Les armées blanches de Sibérie

Au lendemain du traité de Brest-Litovsk (3 mars 1918), il avait été convenu qu’un corps de 50 000 Tchèques, formé à la demande de Masaryk en Russie avec des prisonniers de l’armée autrichienne, serait transféré sur le front français via Vladivostok. Sur l’intervention des Allemands, les bolcheviks décident en mai 1918 de désarmer les Tchèques, ce qui oblige ceux-ci à se frayer un passage par la force sur le Transsibérien. Dispersés le long de la voie ferrée, ils sont rejoints durant l’été de 1918 par les Cosaques de l’Oural et diverses formations de Russes blancs, dont un détachement entre le 25 juillet à Iekaterinbourg (auj. Sverdlovsk), huit jours après le massacre du tsar et de sa famille. Ainsi se forme une armée hétéroclite de 120 000 hommes qui occupe Kazan en août. En novembre 1918, ces forces renversent le directoire socialiste d’Omsk et confient le pouvoir à l’amiral Aleksandr Vassilievitch Koltchak (1873-1920), ancien commandant de la flotte de la mer Noire dont Denikine reconnaît aussitôt l’autorité. En 1919, après avoir remporté des succès (janvier-mars), Koltchak doit faire face à une grande offensive de l’armée rouge commandée par Kamenev (avril), tandis que les Tchèques adoptent sur ordre du gouvernement de Prague une attitude de neutralité. L’amiral doit alors entreprendre un vaste mouvement de retrait en direction du Pacifique avec des troupes qui se décomposent de plus en plus. Abandonné de tous, il résilie ses fonctions le 4 janvier 1920, mais, livré par les Tchèques aux bolcheviks, il est fusillé à Irkoutsk le 7 février. Seuls quelques éléments de ses troupes atteindront Vladivostok, alors occupé par les Japonais.

L’armée blanche des pays baltiques

Ancien chef de l’armée du Caucase, le général Nikolaï Nikolaïevitch Ioudenitch (1862-1933) organise en Estonie en 1919 une petite armée dite du « Nord-Ouest » avec l’appui des Anglais. Après que les pays baltiques, devenus indépendants, eurent traité avec Lénine, Ioudenitch lance ses troupes dans une attaque désespérée contre Petrograd, dont elles atteignent la banlieue en octobre 1919. Violemment contre-attaque par l’armée rouge, il doit faire retraite précipitamment et repasser la frontière avec ses troupes, qui sont internées en décembre 1919.

L. A. et P. D.


La période de la NEP (1921-1929)

La Nouvelle Politique économique (Novaïa Ekonomitcheskaïa Politika [NEP]) est décidée en mars 1921 au Xe Congrès du parti bolchevik. Elle signifie l’abandon du « communisme de guerre ». Les réquisitions sont supprimées, le commerce intérieur devient libre, mais l’État garde le monopole du commerce extérieur. La petite industrie est dénationalisée, l’héritage — dans des limites précises — rétabli, et l’on décide même d’accorder des concessions aux sociétés étrangères qui en feraient la demande.
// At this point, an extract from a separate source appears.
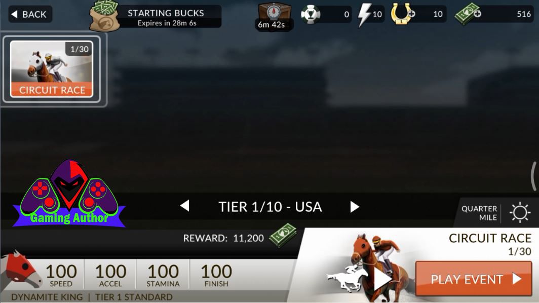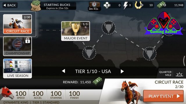Next we come back again to play the second race at the RACE CIRCUIT where the menu at this race we can earn some money to be able to add speed and force us to our horse so that if the speed we're getting really good then we can start the races are on the menu of MAJOR EVENT because this menu is not a horse that can play it. Therefore we should add speed and power to get our horse racing can play in MAJOR EVENT menu. For that we have to do the race again in this RACE CIRCUIT if the menu can be up to 30 times the race hehehe.Next on the menu are in the race CIRCUIT RACE this we need 1 of energy we should use to play this game in which the energy in a lightning symbol marked with colored silver which is in Mobile you guys on screen This game. Next you must press the button named PLAY EVENT to start the second race that is on the menu this RACE CIRCUIT.

Lénine estime qu’étant donné la situation de la Russie soviétique en 1921 l’édification du socialisme sera une entreprise de longue durée. Il faut d’abord développer l’industrie sur une base moderne, créer une grande agriculture mécanisée et collective sur la base de l’adhésion volontaire des paysans aux coopératives de production, opérer une révolution culturelle qui doit se traduire par le développement de masse de l’enseignement et de la culture autant que par la transformation des attitudes et des mentalités. Or, la Russie de 1921 est un pays où l’arriération culturelle est très profonde et où prédomine une population de paysans moyens. Le prolétariat a presque totalement disparu, et les intellectuels, déjà peu nombreux avant la révolution, ont fui en masse le pays depuis 1917.
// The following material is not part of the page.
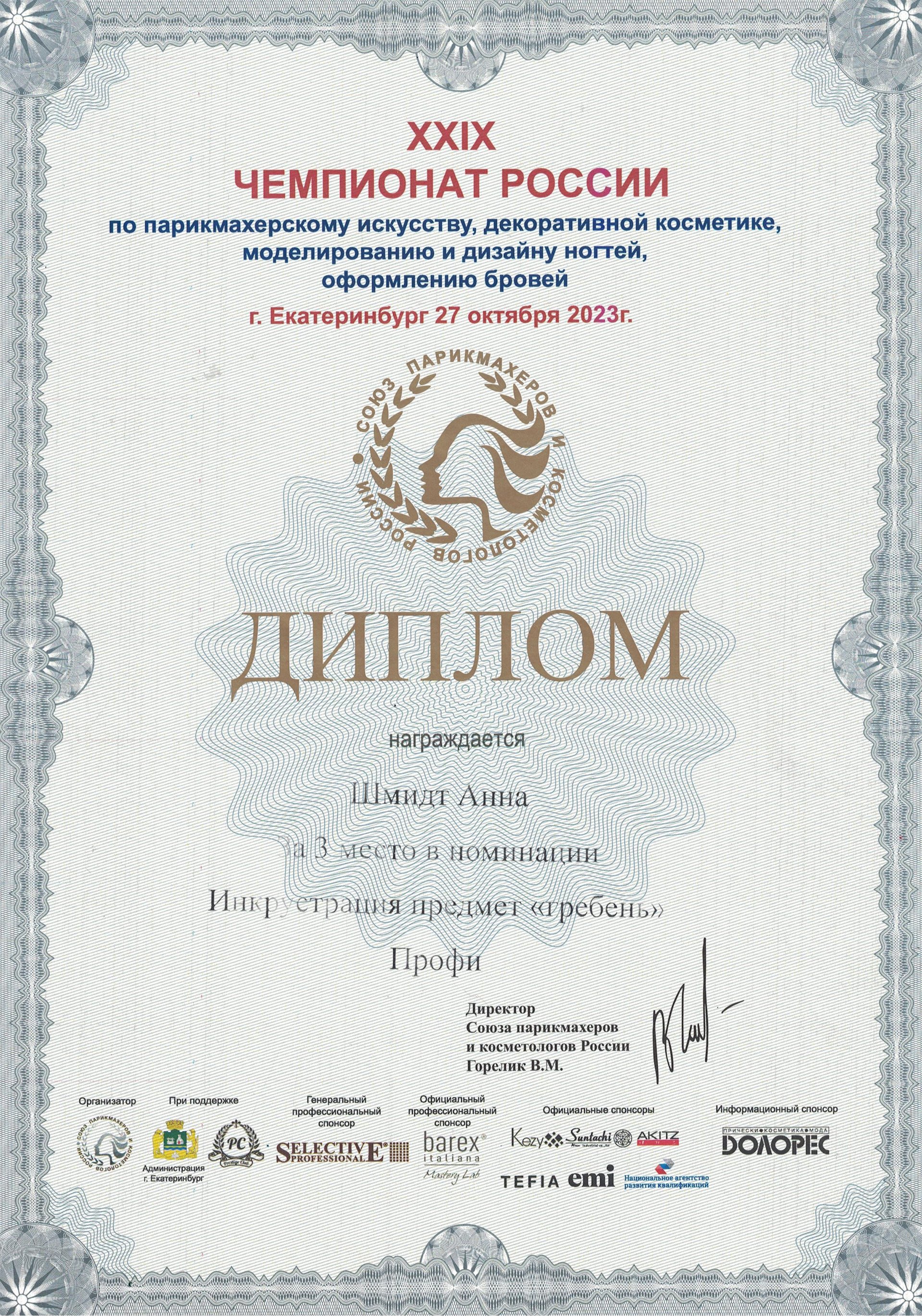 Шмидт Анна Владимировна — 3 место

Pour affronter ces tâches complexes et de longue haleine, les bolcheviks ne peuvent guère compter sur l’aide extérieure. Les grands pays capitalistes continuent à boycotter l’Union soviétique : la France reconnaît l’U. R. S. S. en 1924, mais les États-Unis ne le feront qu’en 1933. Les grandes firmes étrangères refusent de profiter des concessions, et, tout autour de la Russie soviétique, un véritable « cordon sanitaire » est mis en place ; des régimes militaires violemment anticommunistes veillent aux frontières de l’Union soviétique. Seule l’Allemagne, mécontente du traité de Versailles, signe avec les soviets le traité de Rapallo (avr. 1922), qui ouvre la voie à une coopération économique et militaire entre les deux pays.
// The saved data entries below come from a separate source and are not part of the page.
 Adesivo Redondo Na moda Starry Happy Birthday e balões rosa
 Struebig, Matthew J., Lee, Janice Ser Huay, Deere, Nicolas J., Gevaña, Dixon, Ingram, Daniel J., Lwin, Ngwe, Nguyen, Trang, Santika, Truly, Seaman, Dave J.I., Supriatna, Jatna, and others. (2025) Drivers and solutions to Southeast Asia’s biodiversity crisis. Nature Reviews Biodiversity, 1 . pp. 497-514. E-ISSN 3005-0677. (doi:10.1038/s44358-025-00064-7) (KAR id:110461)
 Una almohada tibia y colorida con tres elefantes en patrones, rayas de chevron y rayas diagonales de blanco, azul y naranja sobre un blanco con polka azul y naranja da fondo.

Maîtres du pouvoir et l’exerçant totalement, les bolcheviks n’en sont pas moins faibles. Ils sont 515 000 à la fin de 1921, après l’épuration qui a permis d’exclure les « carriéristes », mais la plupart des membres du parti ont adhéré après la révolution d’Octobre. Des bolcheviks d’avant février 1917 — ils étaient 24 000 environ —, il n’en reste plus guère que 10 000. Seulement 8 p. 100 des bolcheviks ont une éducation secondaire et 5 p. 100 une instruction supérieure. Il n’est pas étonnant, dans ces conditions, qu’on assiste en 1922 à un retour en masse des anciens fonctionnaires tsaristes.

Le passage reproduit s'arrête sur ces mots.